Und es tut sich was. Diese Woche hat Kompass/Europa einen Steuerungsausschuss gegründet. Das strategische Organ soll die Kräfte für die Zukunft bündeln. Zum Aufgabenfeld gehören die Mitgliedergewinnung, die politische Lagebeurteilung, die regionale Verankerung und die Koordinierung der Öffentlichkeitsarbeit. Alle vier bis sechs Wochen will man sich treffen. Vor dem europapolitischen Wendepunkt der Schweiz will die Bewegung politik- und kampagnenfähig werden.

Ein Stelldichein der A-Schweiz

Der Ausschuss umfasst bis dato rund zwanzig Persönlichkeiten, vorwiegend Unternehmer und Manager, Köpfe des Werk- und Finanzplatzes. Ein Stelldichein der A-Schweiz, um das Bild von PR-Berater Klaus J. Stöhlker zu bemühen.

Mit von der Partie sind Eric Sarasin aus der Basler Bankendynastie, Investorin Adriana Ospel, Konzertveranstalter André Béchir oder der Genfer Pierre Mirabaud, ehemaliger Präsident der Bankiervereinigung (sein Neffe Yves Mirabaud kämpft auf der Gegenseite, bei Progresuisse).

Ebenfalls dabei sind der Zürcher Event-Pionier Schoscho Rufener, der Luzerner Baumaterial-Unternehmer Marco Sieber – und Talkmaster Kurt Aeschbacher, der mit der Familie Gantner befreundet ist.

Als Präsident des Gremiums tritt Heinrich Fischer auf, ein gewichtiger Industrievertreter; er präsidiert den Verwaltungsrat des Baumaschinenherstellers Hilti.

Am Montag ist es in Baar zu einer ersten Zusammenkunft von rund zehn Ausschussmitgliedern gekommen. Den inneren Kreis von Kompass einigt ein gemeinsames Selbstverständnis: Wer hier mitmacht, kennt sich mit dem Grobstofflichen aus, mit dem Abschliessen von Verträgen und mit gesetzlichen Hürden; man atmet die Marktwirtschaft an der Front, verantwortet Stanzmaschinen, Bauabdichtungen oder Beratungsmodule – im Gegensatz zu all den Akademikern und Berufspolitikern, die aus dem Elfenbeinturm heraus argumentieren würden, so der Tenor.

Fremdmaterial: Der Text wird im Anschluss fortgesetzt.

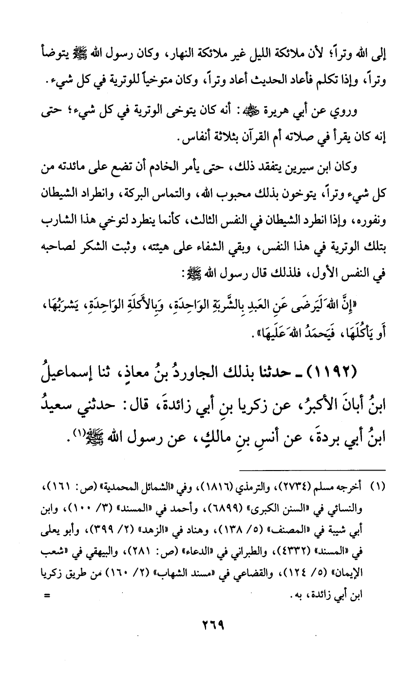إلى الله وتراً؛ لأن ملائكة الليل غير ملائكة النهار، وكان رسول الله صلى الله عليه وسلم يتوضأ وتراً، وإذا تكلم فأعاد الحديث أعاد وتراً، وكان متوخياً للوترية في كل شيء.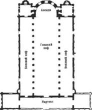 104. План церкви Сан-Апполинаре-ин-Классе (по Де Ангелис д'Оссат) и за несколько лет на деньги казны было создано невероятное количество больших церковных пост роек, причем не только в Риме, но и в Констан тинополе, в Палестине и других имевших важное значение местах. Церковь Сан-Аполлинаре-ин-Классе. Эти здания представляли собой новый тип сооруже ния — раннехристианскую базилику — послужив ший основой развития церковной архитектуры в Западной Европе. Раннехристианская базилика, как это видно на примере церкви Сан-Аполлинаре-ин Классе поблизости от Равенны (илл. 103, 104), представляет собой результат слияния архитектур РАННЕХРИСТИАНСКОЕ И ВИЗАНТИЙСКОЕ ИСКУССТВО -111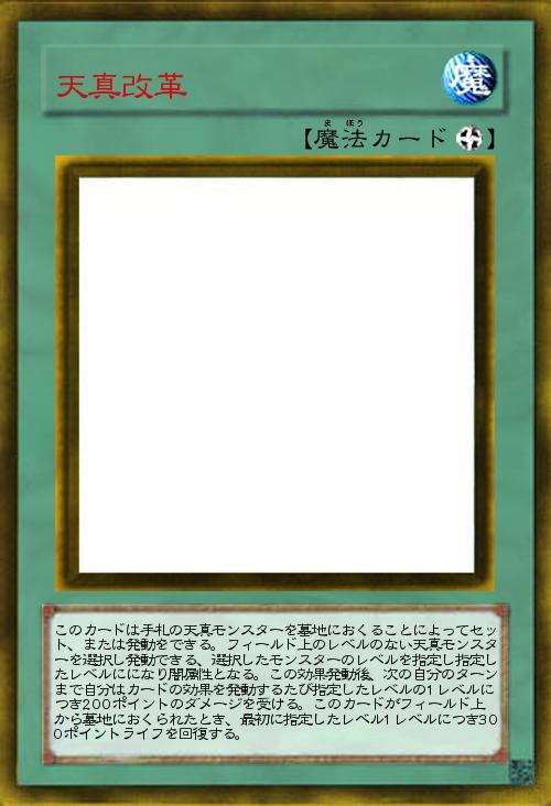 | このカードは手札の天真モンスターを墓地におくることによってセット、または発動をできる。フィールド上のレベルのない天真モンスターを選択し発動できる、選択したモンスターのレベルを指定し指定したレベルにになり闇属性となる。この効果発動後、次の自分のターンまで自分はカードの効果を発動するたび指定したレベルの1レべルにつき200ポイントのダメージを受ける。このカードがフィールド上から墓地におくられたとき、指定したレベル1レベルにつき300ポイントライフを回復する。 | |||

«Wir müssen uns bei der EU entschuldigen»

Es fallen Sätze, die in eine 1.-August-Rede passen würden. «Die Schweiz muss wieder selbstbewusster werden», sagt Präsident Fischer, «und die Voraussetzung für Selbstbewusstsein ist Selbstbestimmung.» Was sagt er denn zu den Sorgen um den Schweizer Binnenmarktzugang? Oft werde die Kraft der Wirtschaft unterschätzt, kreative Lösungen zu finden, antwortet Fischer. «Wenn aber über Jahre das institutionelle Abkommen als einzig gangbarer Weg vermittelt wird, wird nicht nach Alternativen gesucht.» Doch genau dies müsse geschehen, auch im Bewusstsein, dass es ein Risiko gebe. «Es braucht Risikobereitschaft, um weiterzukommen.»

Und wenn Brüssel auf stur schaltet? Dann müsse die Schweiz eben reagieren – etwa mit der einseitigen Anerkennung von EU-Konformitätsnormen oder mit sektoriellen Übergangsverträgen.

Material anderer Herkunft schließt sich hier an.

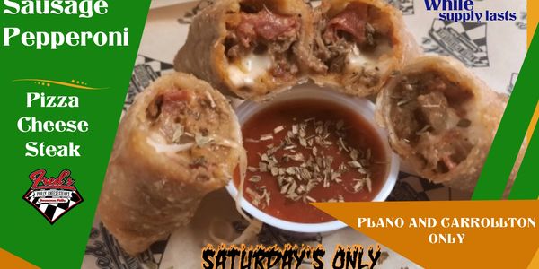 Philly steak, sausage, pepperoni, pizza sauce and cheese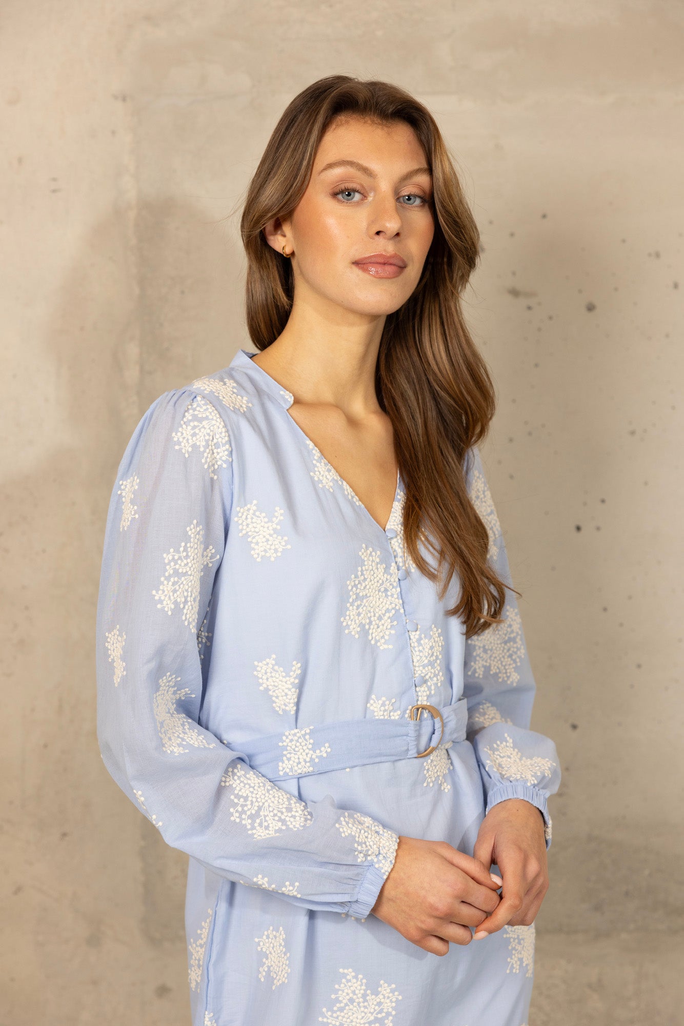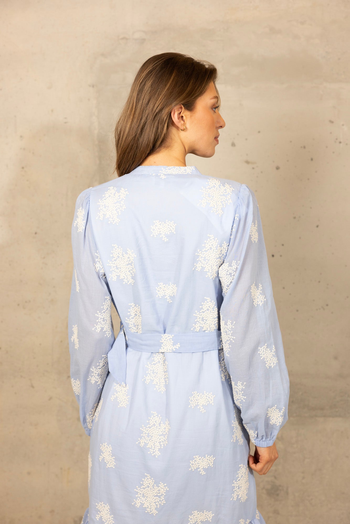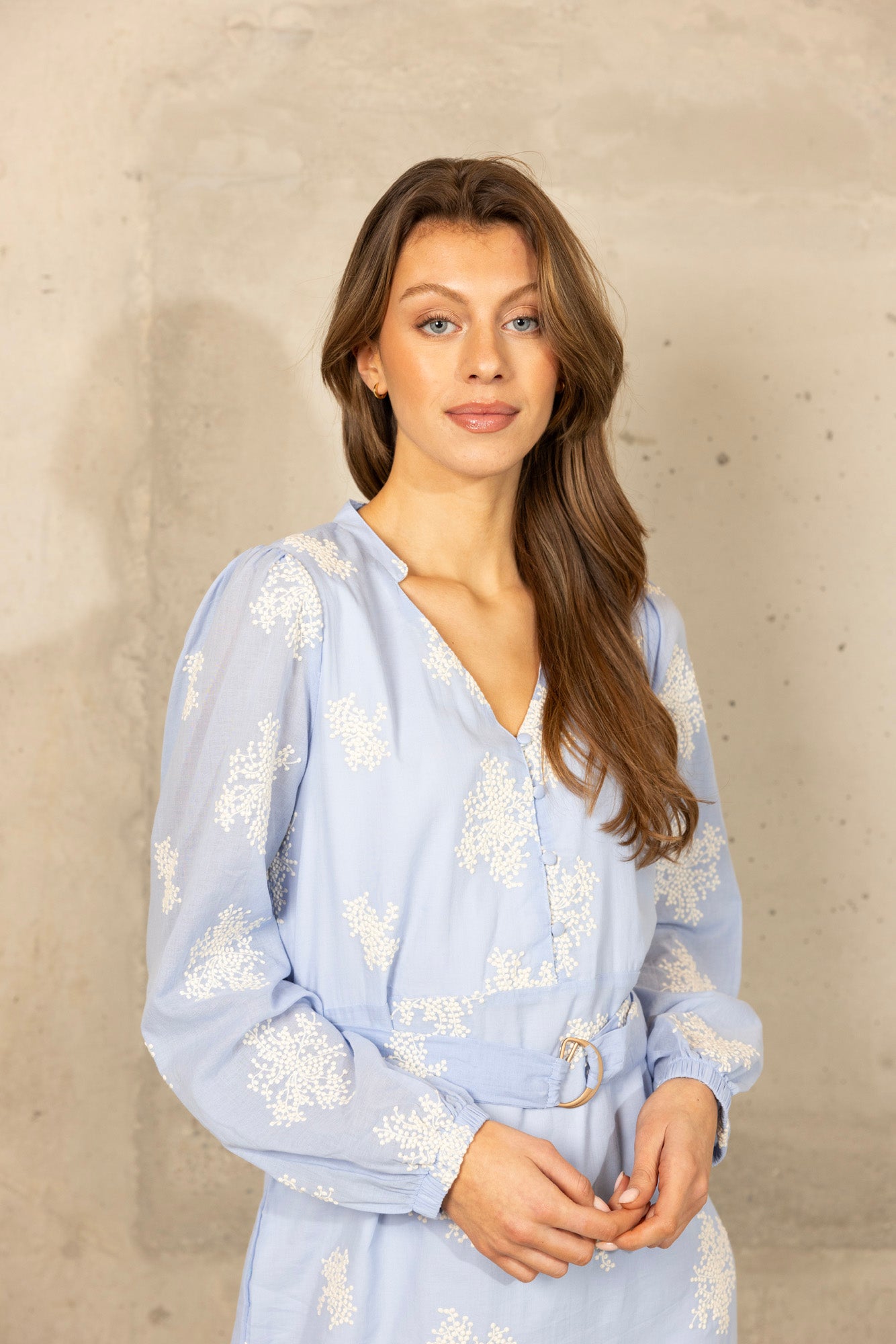 Ontdek de elegantie van de Alma Dress, een prachtig kledingstuk gemaakt van embroidery cotton in de kleur Sky Blue. Deze jurk heeft een verfijnd ontwerp met lange mouwen, een V-halslijn, knopen aan de voorkant en een riem in de taille voor een flatterende pasvorm. De witte borduursels en de gerafelde zoom voegen een vleugje charme en vrouwelijkheid toe, waardoor de Alma Dress perfect is voor zowel casual als formele gelegenheden.

Die Politaktivisten betonen mehrfach, dass sie keine Europahasser sind: «Das ist nicht gegen Europa gerichtet, sondern gegen den Rahmenvertrag. Wir brauchen gute Beziehungen zu Europa», sagt Unternehmerin Myriam Locher. «Wir wollen kein Spaltpilz sein», meint TV-Star Aeschbacher, «sondern ein Brandbeschleuniger der öffentlichen Meinungsbildung. Ich will mithelfen, eine offene Debatte zum Verhältnis Schweiz-Europa zu führen.»

Und Eric Sarasin nennt eine Forderung der Gruppe: «Wir müssen uns bei der EU für den jahrelangen Irrweg entschuldigen und zusammen mit ihr einen neuen Weg finden.»

Von der Souveränitätsfrage und der Rolle des Europäischen Gerichtshofs bei der Streitbeilegung bis in all seine Verästelungen ist hier kaum die Rede. Stattdessen kommt ein allgemeines Unbehagen über neue Regulierungen zum Vorschein, man erzählt von den mühsamen Auflagen für Firmen in Deutschland, noch schlimmer in Frankreich. Das ist es, was so viele Wirtschaftsvertreter mobilisiert: Die Sorge um die Rahmenbedingungen für den Schweizer Standort.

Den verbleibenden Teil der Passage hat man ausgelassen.